Бабы наши, все без исключения, ничего для товарки не пожалеют, всем поделятся. Если нет у тебя денег — последние медяки наскребут из карманов, отдадут, негде ночевать — заведут к себе, уложат и укроют. О кормежке нечего и говорить. Новеньких кормят часто всем цехом до первого жалованья, месяц и больше.

— Ой, девка, не спроста те на селедочку-то потянуло, — заглядывает Катька Цветкова в глаза молодой бабенки, жадно уничтожающей селедку, соленый огурец и воблу.

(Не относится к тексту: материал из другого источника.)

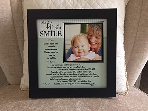 9.5 x 9.5 outer dimension black photo frame for Mimi for wall or table display features My Mimi’s Smile poem written by Teri Harrison. This sentimental grandparent frame Mimi will love, includes a 4×4 sq. photo opening. Made in the united states. An appreciated gift for Mimi from a brand new grandchild or grandchildren. A touching gift for Mimi for Mother’s Day, birthday, vacation or different big day you wish to have Mimi to understand how much she is loved.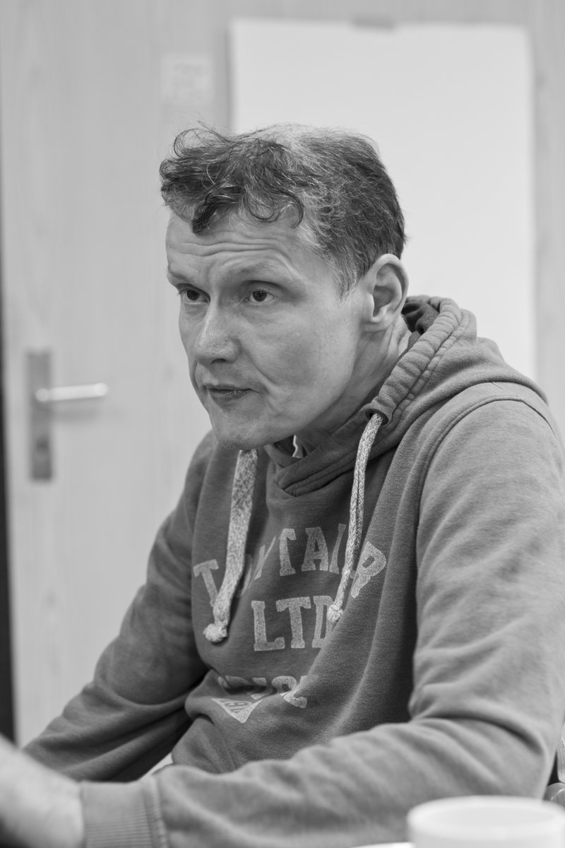 Roger Röggener lebt seit 1980 im Alexianer-Wohnbereich. Seit 1988 wird er mit einigen kürzeren Unterbrechungen, ergo- und kunsttherapeutisch betreut. Er besucht den Förderbereich der Alexianer-Werkstätten.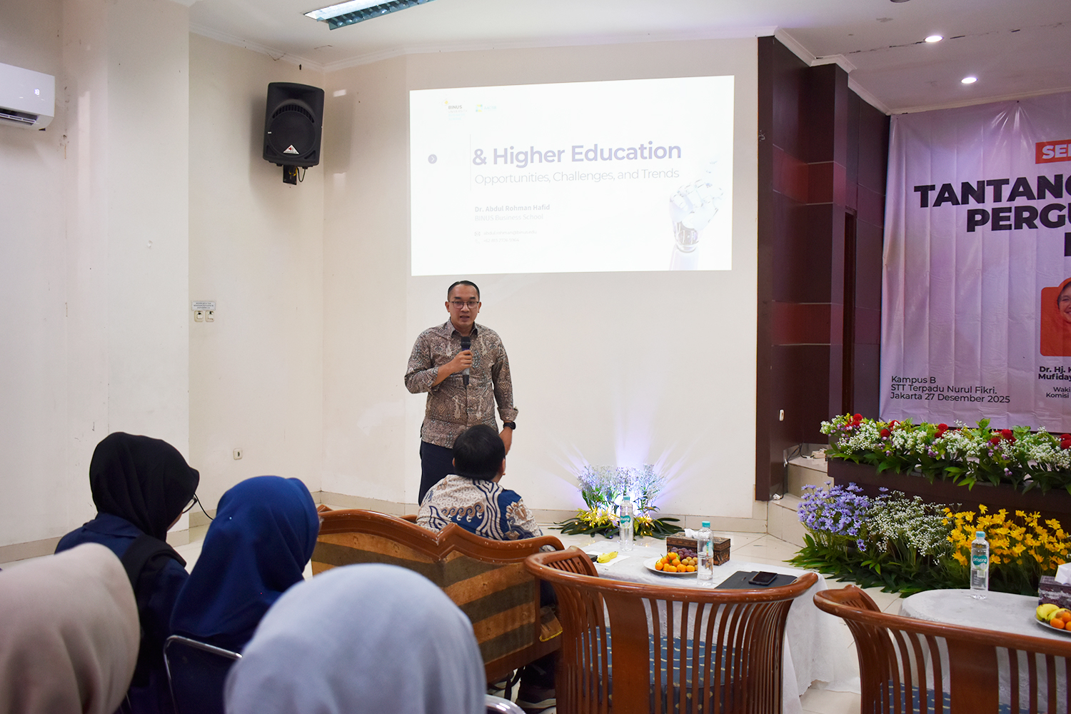 Sekolah Tinggi Teknologi Terpadu Nurul Fikri (STT-NF) menyelenggarakan Seminar Pendidikan bertajuk “Tantangan Pendidikan Perguruan Tinggi di Era Artificial Intelligence (A.I)” pada Sabtu, 27 Desember 2025. Kegiatan ini berlangsung di Kampus B STT Terpadu Nurul Fikri, tepatnya di Ruang Auditorium Kampus B, dan dihadiri oleh kurang lebih 150 peserta yang terdiri atas mahasiswa, dosen, dan masyarakat umum.

Та краснеет и опускает глаза.

— Первеньким, што ль? — егозит Катерина и нашептывает свои нескромные бабьи советы.

Варя сидит в углу и тихо грызет корку. Она никогда ничего не ест, кроме сухой корочки. Предлагали мы, угощали, — отказывается.

— Мой мужик тоже впроголодь живет, — хвалится Варя, — а зато в прошлый месяц буфет купили ореховый, дверца зеленая, а тот месяц — кровать с ясными ручками. Эх, милые, а в этом куплю я прибор чайный: уж приглядела. Чашечки такие маленькие, ободок розовый, а под ободком-то крапинки.

И лицо Варино озаряется радостью и удовлетворенностью.

МАСТЕР И МАСТЕРИЦА

Бабы-моталочки греются на солнце в фабричном дворе. Обед. Лето. Жарко. Бабы постарше, в синих халатах, раскидисто валяются в траве, накрыв лицо платком. Девчата пересмеиваются на бревнах, форсят в белых блузках, в туфельках, прозодежду оставили в цехе.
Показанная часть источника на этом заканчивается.